Hi there! I'm looking to insert a repeated bit of code that varies based on checkboxes. Basically, I have some commands running in Karabiner that sometimes include modifier keys. I want to be able to pull up a prompt window, insert the original key, the new key, and check on and off the modifiers. Here's the code I want to insert:
But I'm racking my brain trying to figure out how to do this. Is it a ton of if/and statements with all the various possibilities? That seems rather inefficient. I found this forum post about doing something similar with regex but I'm pretty lost on how to approach that.
Definitely yes. As a non-programmer, your solution looks incredibly complicated—it would take me quite a while to implement, because I'd want to understand it before I put it to use. And looking at it, I have a vague understanding of what it does (inserts or not based on 1 or 0). But if I were to use it, I'd want to fully understand it so I can keep it current going forward, and that would take time.
Peter's solution, on the other hand, is clear to me, because I do know Keyboard Maestro quite well, and it's easy to see how it's building the desired string on the fly, with zero knowledge of programming required.
I have no idea which solution is "best," though yours seems much more efficient. But if I were implementing this today in one of my macros, I'd be doing it via Peter's method, because that's what I know and understand.
So definitely, yes, the preferred solution is clearly based on the observer's perspective.
Things that are unfamiliar can appear complicated.
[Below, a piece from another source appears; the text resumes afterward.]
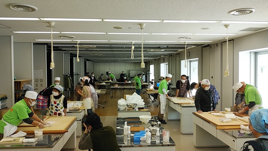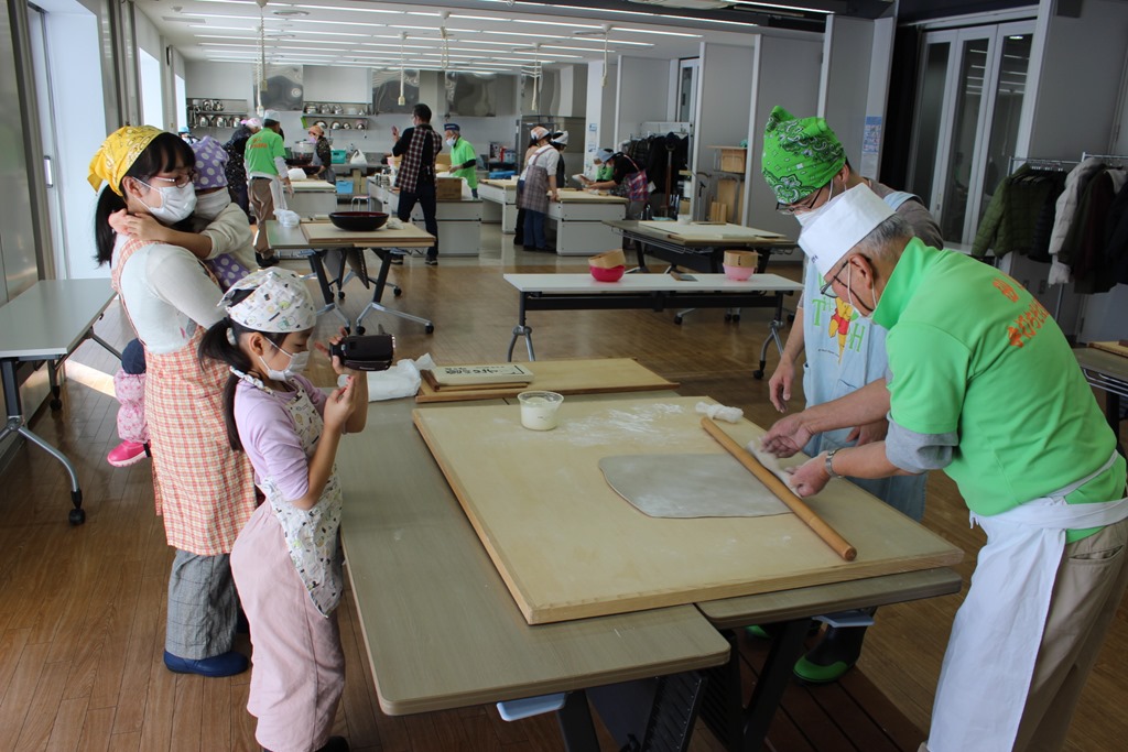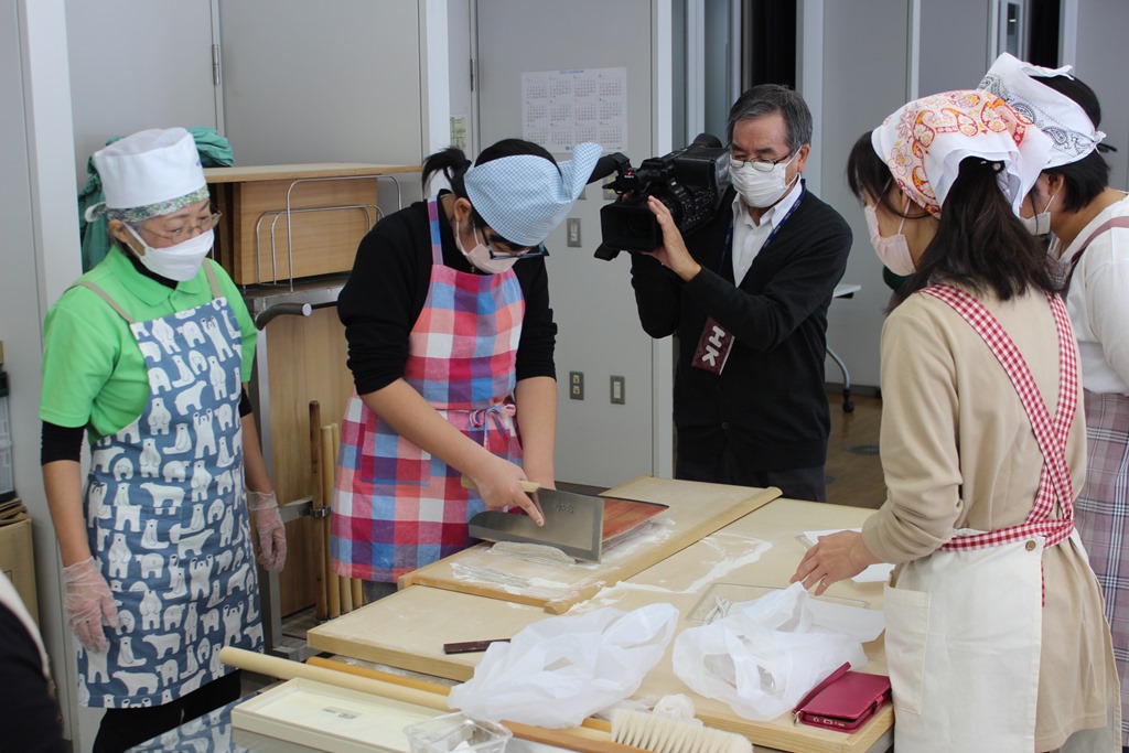 手打ちそばは切るのが難しい。この組の皆さんは包丁の持ち方も良く、おいしいおそばができそうです。

Complexity is more than just a line count. For someone unfamiliar, a relatively simple regex command can appear incredibly complex. A series of four "Search and Replace" actions that do the same thing would be easier for such a person, and hence, appear less complex.
I have no idea, because as noted, I don't really understand it at all.
Before I could put it to use, I'd want to write my own examples so I would have a full understanding of how it works. Then I have to balance the time required to do that versus just implementing a solution I already know.
Honestly, I think your solution looks amazing—clean and elegant and gets the job done. It's just not something I intrinsically understand given my background.
People use the tools they are familiar with. You're an expert at JS, and so for you, that's a great solution (and I love it, it's way better than my solution!). We have a few AS experts here, and they frequently provide AS solutions that are fantastic. Most of them I have to muddle over for quite some time to work out what they are doing or how I would modify it. It all depends on what you are used to.
Also, it is mostly the use of flatMap (which I have no idea about) that makes this clever - it would be easy enough to write the same structured JS as I did with the Keyboard Maestro actions.
Maybe I need top to add some mapping actions to Keyboard Maestro.